* TASK REQUIREMENTS *
Would you transcribe the records below from the line with "活ロブスター、サーロインステ" to the line with "12時16分、そり滑り用の雪の滑り台の上から撮ったホテル全景。", ends included, exactly and with nothing more, leaving the pictures out?

* DATA FOR THIS EXERCISE *
Segment Open
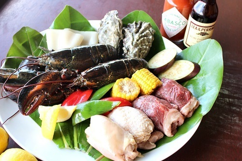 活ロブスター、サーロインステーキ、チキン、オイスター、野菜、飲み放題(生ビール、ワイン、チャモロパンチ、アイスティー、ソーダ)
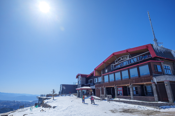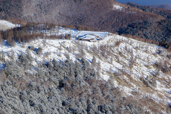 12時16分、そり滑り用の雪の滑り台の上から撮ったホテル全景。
Segment Closed
Segment Open
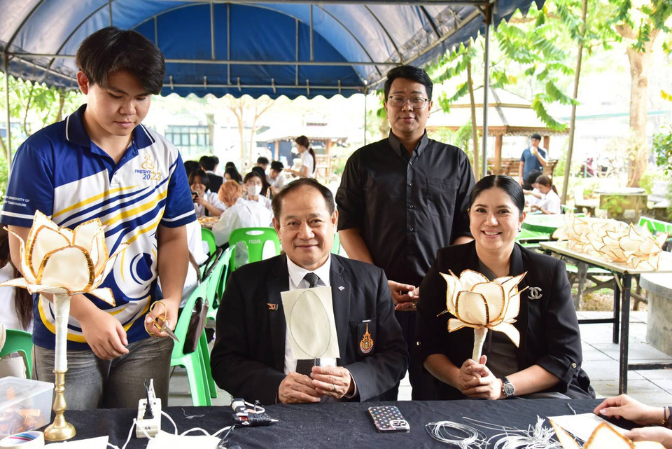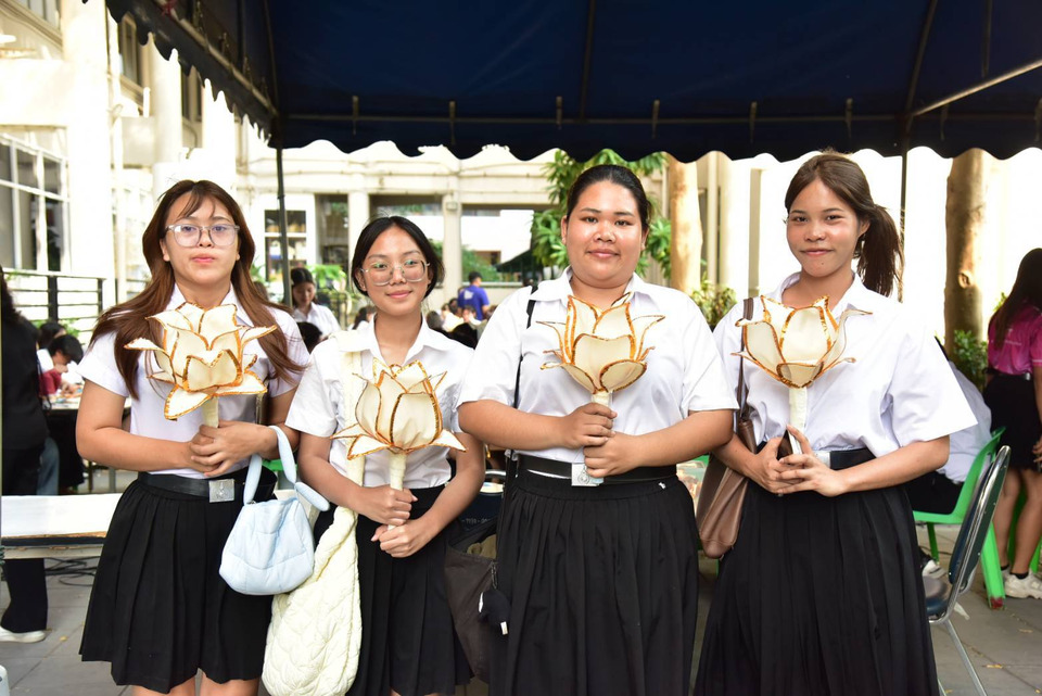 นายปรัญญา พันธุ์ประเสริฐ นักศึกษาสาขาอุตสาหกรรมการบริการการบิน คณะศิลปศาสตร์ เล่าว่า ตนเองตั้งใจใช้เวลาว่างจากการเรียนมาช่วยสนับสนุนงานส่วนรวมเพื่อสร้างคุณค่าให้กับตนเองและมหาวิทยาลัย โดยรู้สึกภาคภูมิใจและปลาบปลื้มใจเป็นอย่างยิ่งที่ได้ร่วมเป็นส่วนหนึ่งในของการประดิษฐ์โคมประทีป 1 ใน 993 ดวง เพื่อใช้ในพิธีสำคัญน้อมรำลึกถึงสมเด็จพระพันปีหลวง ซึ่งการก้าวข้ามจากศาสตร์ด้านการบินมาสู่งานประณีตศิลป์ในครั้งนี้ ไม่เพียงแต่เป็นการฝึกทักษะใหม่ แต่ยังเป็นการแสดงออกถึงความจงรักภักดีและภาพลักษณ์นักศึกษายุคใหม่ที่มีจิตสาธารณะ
Segment Closed
Segment Open
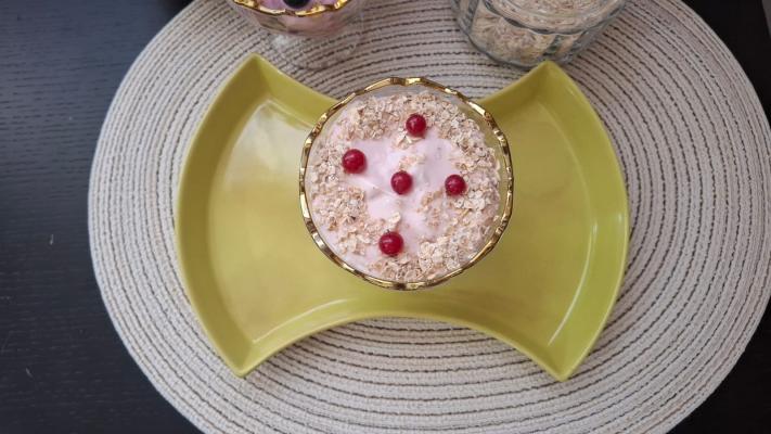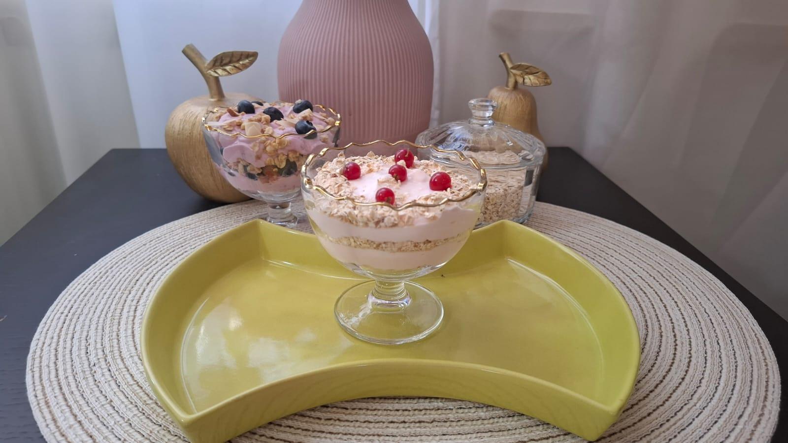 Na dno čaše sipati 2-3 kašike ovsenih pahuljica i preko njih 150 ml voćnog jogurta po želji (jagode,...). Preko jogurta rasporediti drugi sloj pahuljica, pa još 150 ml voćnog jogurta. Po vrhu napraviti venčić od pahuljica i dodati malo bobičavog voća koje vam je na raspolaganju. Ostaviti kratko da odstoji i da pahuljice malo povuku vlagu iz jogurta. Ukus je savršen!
Segment Closed
* SOLUTION TO THE PROBLEM *
 活ロブスター、サーロインステーキ、チキン、オイスター、野菜、飲み放題(生ビール、ワイン、チャモロパンチ、アイスティー、ソーダ)
 12時16分、そり滑り用の雪の滑り台の上から撮ったホテル全景。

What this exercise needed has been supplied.